Data records

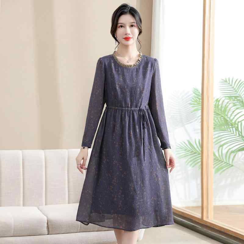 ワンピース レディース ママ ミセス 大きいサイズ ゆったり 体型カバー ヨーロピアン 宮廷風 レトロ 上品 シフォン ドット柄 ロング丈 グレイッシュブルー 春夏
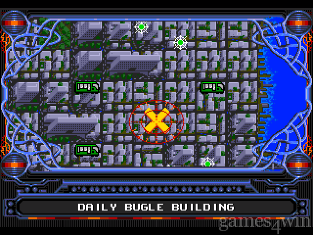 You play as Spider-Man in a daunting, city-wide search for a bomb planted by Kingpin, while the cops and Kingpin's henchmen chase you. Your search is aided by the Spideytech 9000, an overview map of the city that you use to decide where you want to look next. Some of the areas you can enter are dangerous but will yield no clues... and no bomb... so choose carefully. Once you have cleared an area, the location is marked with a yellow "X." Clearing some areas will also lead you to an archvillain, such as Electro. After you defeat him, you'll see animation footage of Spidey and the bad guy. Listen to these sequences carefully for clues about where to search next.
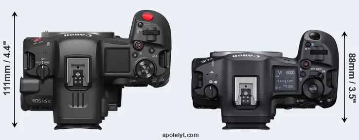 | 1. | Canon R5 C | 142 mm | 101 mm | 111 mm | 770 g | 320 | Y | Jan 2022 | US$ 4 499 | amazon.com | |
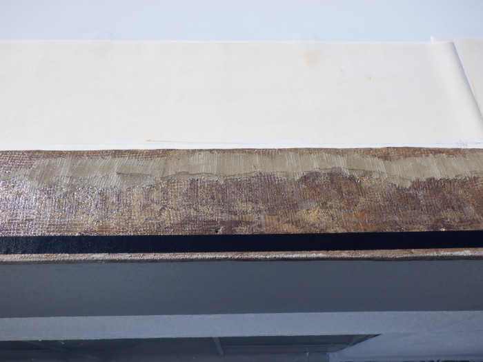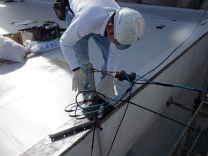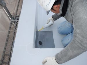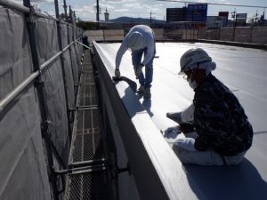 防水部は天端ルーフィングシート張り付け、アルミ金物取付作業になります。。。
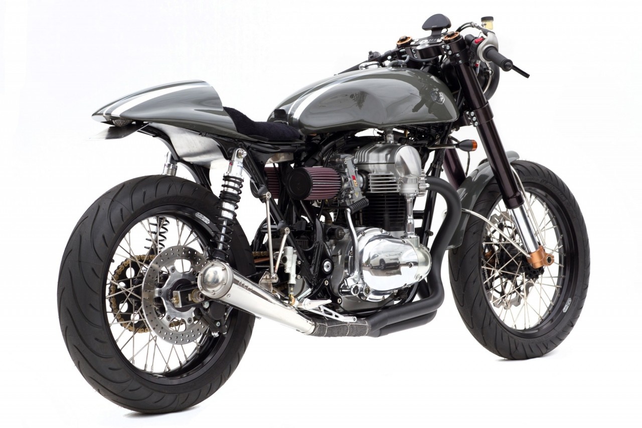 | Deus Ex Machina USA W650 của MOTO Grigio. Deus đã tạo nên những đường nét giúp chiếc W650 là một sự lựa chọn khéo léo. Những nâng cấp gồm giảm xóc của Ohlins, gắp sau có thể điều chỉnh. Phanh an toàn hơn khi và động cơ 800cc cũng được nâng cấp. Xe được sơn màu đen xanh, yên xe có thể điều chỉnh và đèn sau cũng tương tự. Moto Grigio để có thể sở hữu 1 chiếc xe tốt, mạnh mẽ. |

...

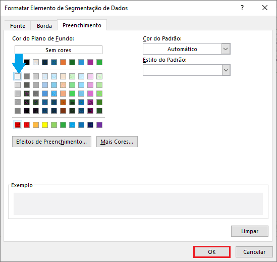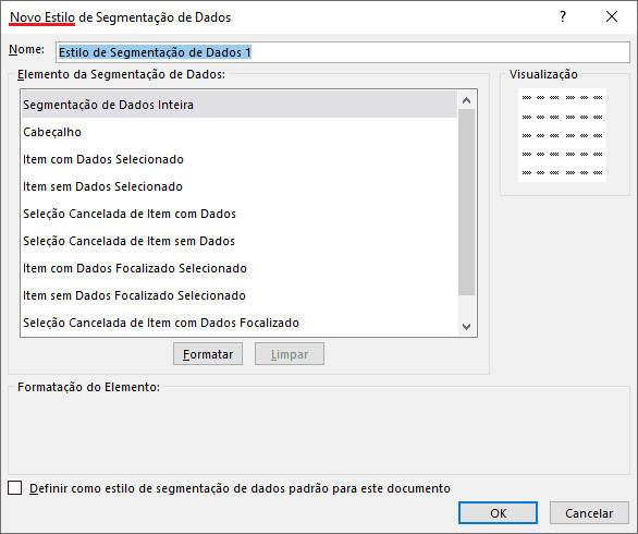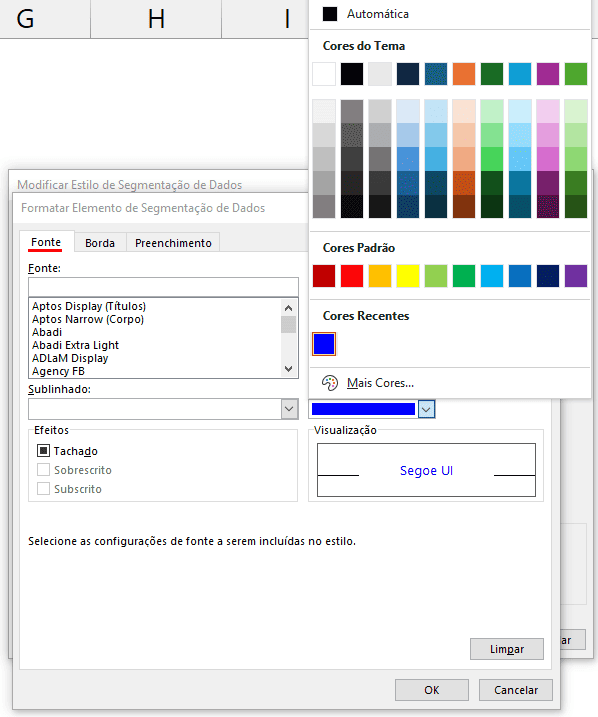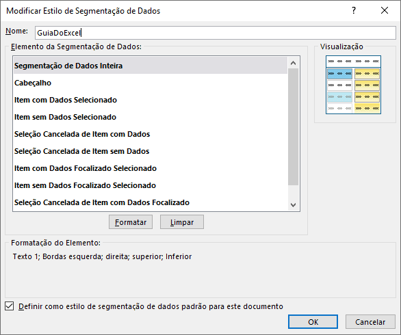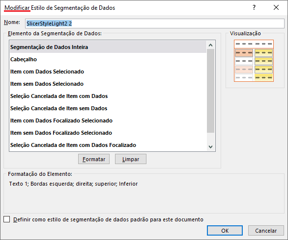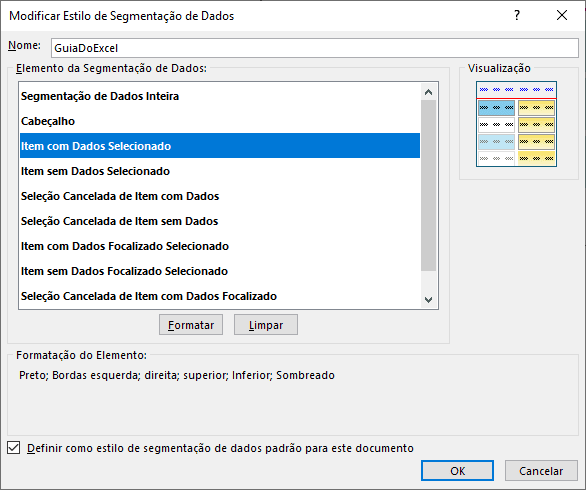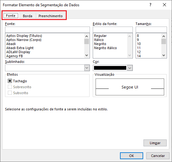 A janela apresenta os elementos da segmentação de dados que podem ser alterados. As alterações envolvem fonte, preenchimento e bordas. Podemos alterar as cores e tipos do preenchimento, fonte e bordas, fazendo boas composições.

==

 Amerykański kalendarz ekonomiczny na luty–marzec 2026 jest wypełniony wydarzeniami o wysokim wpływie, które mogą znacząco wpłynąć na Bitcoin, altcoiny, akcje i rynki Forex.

The task
The reply should hold exactly the lines above, starting at the line with "amazon.com | |" and ending at the line with "tốt, mạnh mẽ. |", and no pictures.

Expected answer
 | 1. | Canon R5 C | 142 mm | 101 mm | 111 mm | 770 g | 320 | Y | Jan 2022 | US$ 4 499 | amazon.com | |
 防水部は天端ルーフィングシート張り付け、アルミ金物取付作業になります。。。
 | Deus Ex Machina USA W650 của MOTO Grigio. Deus đã tạo nên những đường nét giúp chiếc W650 là một sự lựa chọn khéo léo. Những nâng cấp gồm giảm xóc của Ohlins, gắp sau có thể điều chỉnh. Phanh an toàn hơn khi và động cơ 800cc cũng được nâng cấp. Xe được sơn màu đen xanh, yên xe có thể điều chỉnh và đèn sau cũng tương tự. Moto Grigio để có thể sở hữu 1 chiếc xe tốt, mạnh mẽ. |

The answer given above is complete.